======== STUDY MATERIAL
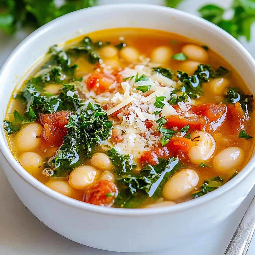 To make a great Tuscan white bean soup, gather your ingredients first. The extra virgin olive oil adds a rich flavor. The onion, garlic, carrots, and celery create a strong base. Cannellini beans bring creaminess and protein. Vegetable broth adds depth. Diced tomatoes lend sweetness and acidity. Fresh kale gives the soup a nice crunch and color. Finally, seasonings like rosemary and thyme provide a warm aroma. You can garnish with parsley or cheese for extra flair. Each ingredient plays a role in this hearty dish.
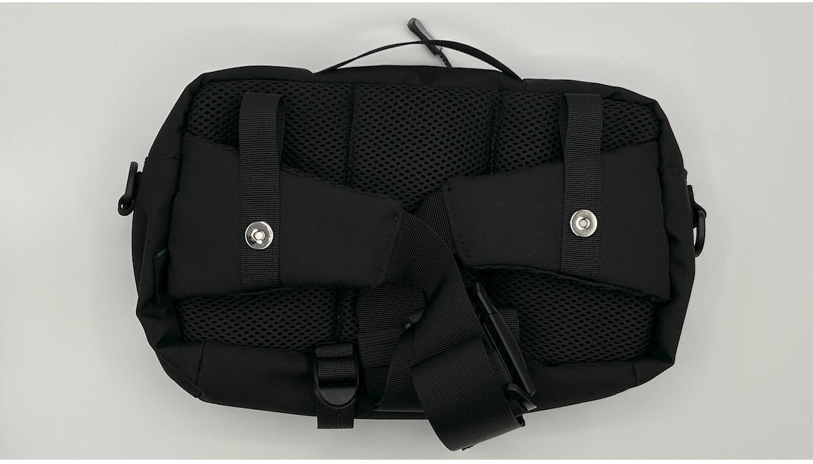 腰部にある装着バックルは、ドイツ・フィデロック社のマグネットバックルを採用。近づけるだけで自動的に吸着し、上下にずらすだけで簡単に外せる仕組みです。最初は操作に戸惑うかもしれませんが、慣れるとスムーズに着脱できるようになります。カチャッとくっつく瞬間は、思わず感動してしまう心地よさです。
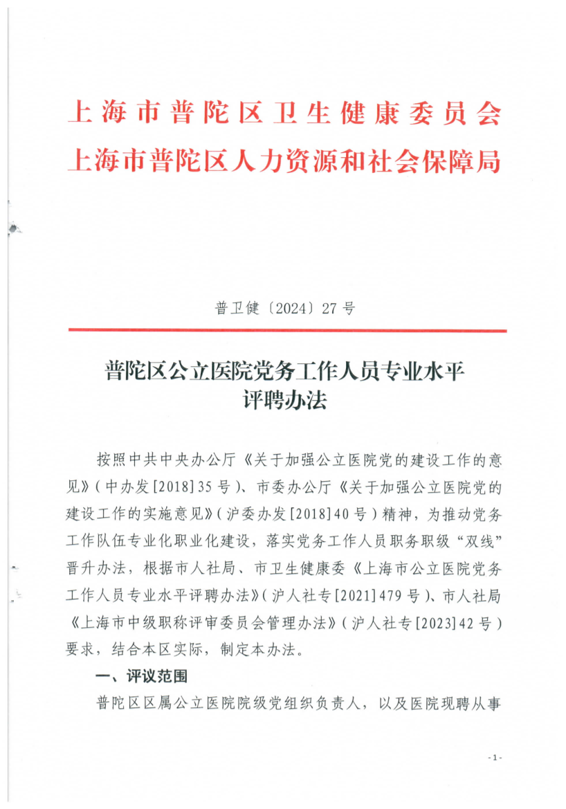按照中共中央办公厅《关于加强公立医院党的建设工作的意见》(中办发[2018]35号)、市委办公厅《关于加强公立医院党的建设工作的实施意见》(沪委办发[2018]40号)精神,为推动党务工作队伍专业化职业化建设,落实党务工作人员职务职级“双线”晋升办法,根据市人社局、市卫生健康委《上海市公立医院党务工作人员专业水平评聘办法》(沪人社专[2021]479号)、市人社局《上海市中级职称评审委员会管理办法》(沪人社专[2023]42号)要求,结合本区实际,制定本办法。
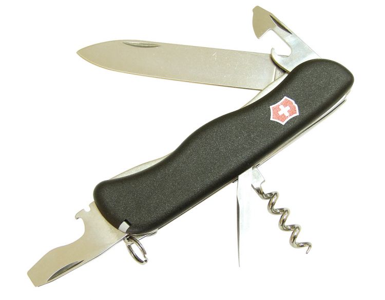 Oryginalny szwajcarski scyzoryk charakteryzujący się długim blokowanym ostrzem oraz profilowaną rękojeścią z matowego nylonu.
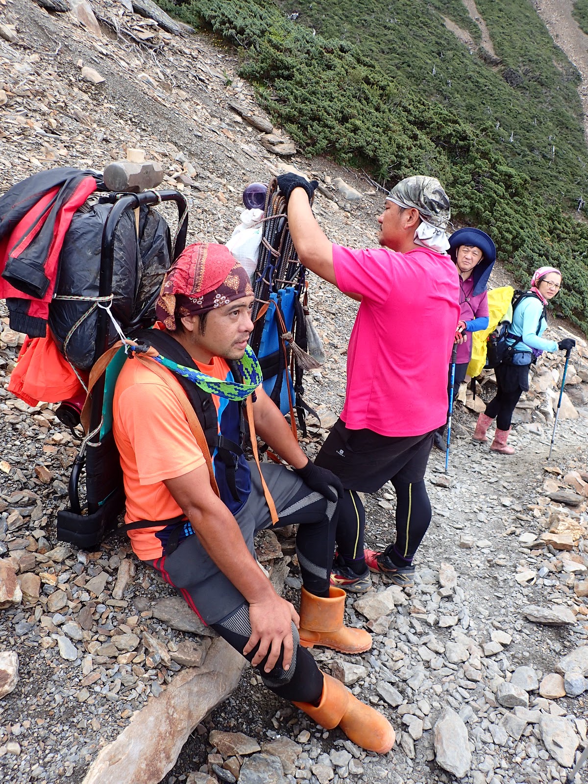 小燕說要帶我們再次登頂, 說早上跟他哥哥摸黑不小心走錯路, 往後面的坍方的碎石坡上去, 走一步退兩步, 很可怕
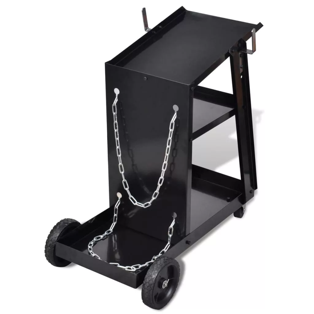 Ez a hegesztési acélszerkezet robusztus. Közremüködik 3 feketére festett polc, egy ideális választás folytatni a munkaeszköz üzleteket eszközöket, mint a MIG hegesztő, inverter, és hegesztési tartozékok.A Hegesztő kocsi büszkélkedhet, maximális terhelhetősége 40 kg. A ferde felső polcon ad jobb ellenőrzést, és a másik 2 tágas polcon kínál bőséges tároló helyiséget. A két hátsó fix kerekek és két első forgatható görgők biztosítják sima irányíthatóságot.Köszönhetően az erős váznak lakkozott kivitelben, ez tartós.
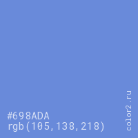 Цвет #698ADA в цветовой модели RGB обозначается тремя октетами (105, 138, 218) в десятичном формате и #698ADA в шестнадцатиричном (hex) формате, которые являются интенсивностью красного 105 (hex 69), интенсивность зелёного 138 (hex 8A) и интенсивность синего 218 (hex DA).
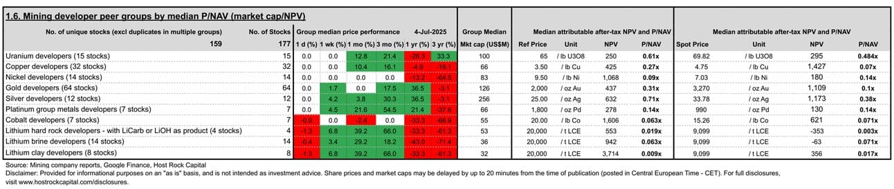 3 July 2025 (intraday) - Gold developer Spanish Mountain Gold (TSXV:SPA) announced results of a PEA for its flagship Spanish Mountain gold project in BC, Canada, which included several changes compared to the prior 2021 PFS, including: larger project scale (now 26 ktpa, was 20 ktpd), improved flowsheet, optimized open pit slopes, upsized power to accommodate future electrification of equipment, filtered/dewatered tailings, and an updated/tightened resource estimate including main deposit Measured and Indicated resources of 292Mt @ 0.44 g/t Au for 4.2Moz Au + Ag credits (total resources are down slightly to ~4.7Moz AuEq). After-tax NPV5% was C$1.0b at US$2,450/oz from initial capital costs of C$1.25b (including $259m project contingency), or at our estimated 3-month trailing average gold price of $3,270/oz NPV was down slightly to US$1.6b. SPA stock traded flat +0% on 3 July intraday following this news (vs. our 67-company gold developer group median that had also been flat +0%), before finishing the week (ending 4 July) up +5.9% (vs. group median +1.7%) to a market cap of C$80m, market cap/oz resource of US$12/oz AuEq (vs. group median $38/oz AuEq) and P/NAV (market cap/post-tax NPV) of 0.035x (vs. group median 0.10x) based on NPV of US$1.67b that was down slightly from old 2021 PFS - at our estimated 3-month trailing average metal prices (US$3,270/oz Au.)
================
======== STUDY MATERIAL
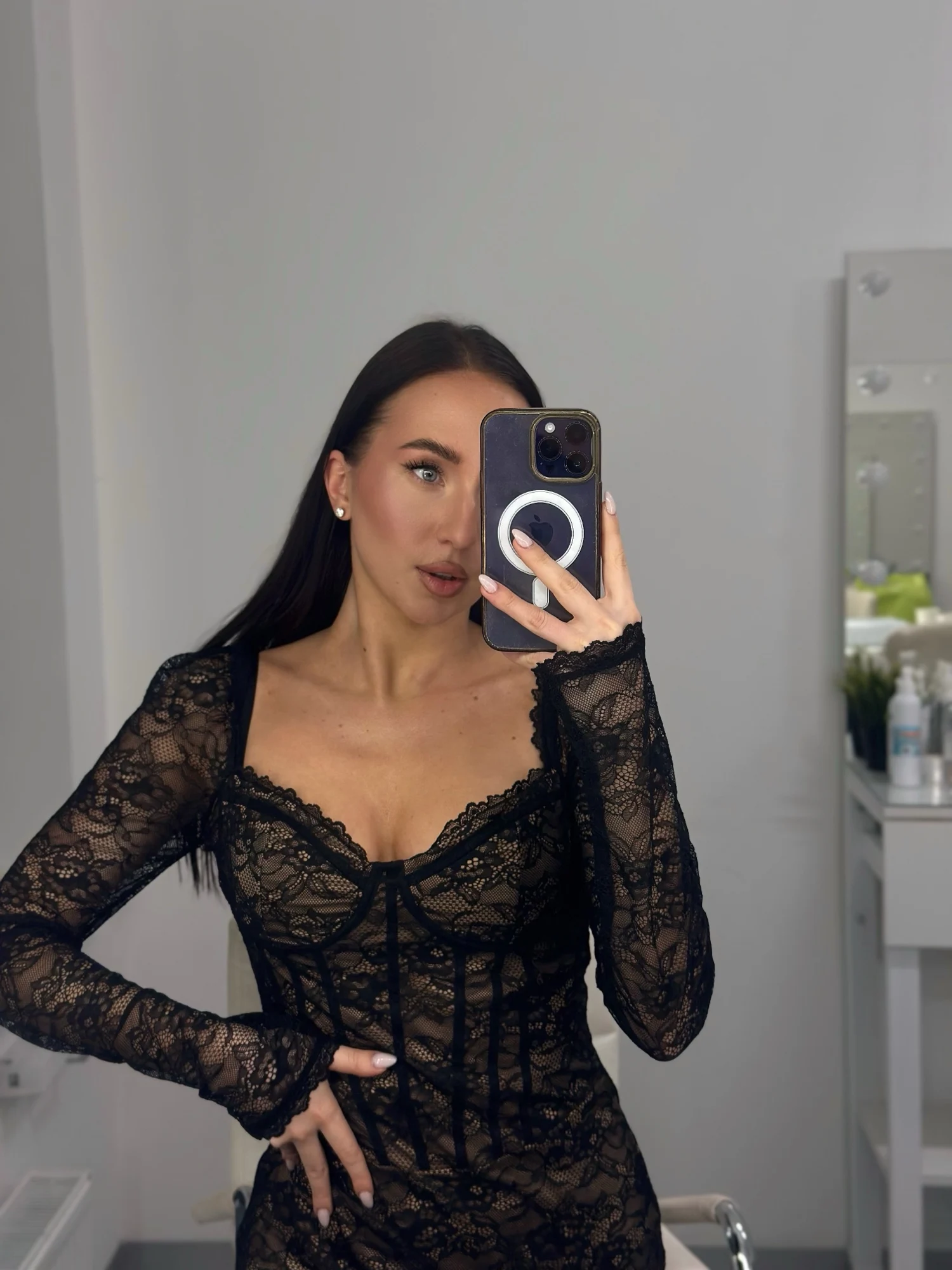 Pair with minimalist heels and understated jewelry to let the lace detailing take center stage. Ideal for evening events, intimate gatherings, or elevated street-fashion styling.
================
_TASK DIRECTIONS_
In the records above, find the line with "To make a great". Print exactly from there through the line with "Цвет #698ADA в", minus the pictures.

_WRITTEN SOLUTION_
 To make a great Tuscan white bean soup, gather your ingredients first. The extra virgin olive oil adds a rich flavor. The onion, garlic, carrots, and celery create a strong base. Cannellini beans bring creaminess and protein. Vegetable broth adds depth. Diced tomatoes lend sweetness and acidity. Fresh kale gives the soup a nice crunch and color. Finally, seasonings like rosemary and thyme provide a warm aroma. You can garnish with parsley or cheese for extra flair. Each ingredient plays a role in this hearty dish.
 腰部にある装着バックルは、ドイツ・フィデロック社のマグネットバックルを採用。近づけるだけで自動的に吸着し、上下にずらすだけで簡単に外せる仕組みです。最初は操作に戸惑うかもしれませんが、慣れるとスムーズに着脱できるようになります。カチャッとくっつく瞬間は、思わず感動してしまう心地よさです。
按照中共中央办公厅《关于加强公立医院党的建设工作的意见》(中办发[2018]35号)、市委办公厅《关于加强公立医院党的建设工作的实施意见》(沪委办发[2018]40号)精神,为推动党务工作队伍专业化职业化建设,落实党务工作人员职务职级“双线”晋升办法,根据市人社局、市卫生健康委《上海市公立医院党务工作人员专业水平评聘办法》(沪人社专[2021]479号)、市人社局《上海市中级职称评审委员会管理办法》(沪人社专[2023]42号)要求,结合本区实际,制定本办法。
 Oryginalny szwajcarski scyzoryk charakteryzujący się długim blokowanym ostrzem oraz profilowaną rękojeścią z matowego nylonu.
 小燕說要帶我們再次登頂, 說早上跟他哥哥摸黑不小心走錯路, 往後面的坍方的碎石坡上去, 走一步退兩步, 很可怕
 Ez a hegesztési acélszerkezet robusztus. Közremüködik 3 feketére festett polc, egy ideális választás folytatni a munkaeszköz üzleteket eszközöket, mint a MIG hegesztő, inverter, és hegesztési tartozékok.A Hegesztő kocsi büszkélkedhet, maximális terhelhetősége 40 kg. A ferde felső polcon ad jobb ellenőrzést, és a másik 2 tágas polcon kínál bőséges tároló helyiséget. A két hátsó fix kerekek és két első forgatható görgők biztosítják sima irányíthatóságot.Köszönhetően az erős váznak lakkozott kivitelben, ez tartós.
 Цвет #698ADA в цветовой модели RGB обозначается тремя октетами (105, 138, 218) в десятичном формате и #698ADA в шестнадцатиричном (hex) формате, которые являются интенсивностью красного 105 (hex 69), интенсивность зелёного 138 (hex 8A) и интенсивность синего 218 (hex DA).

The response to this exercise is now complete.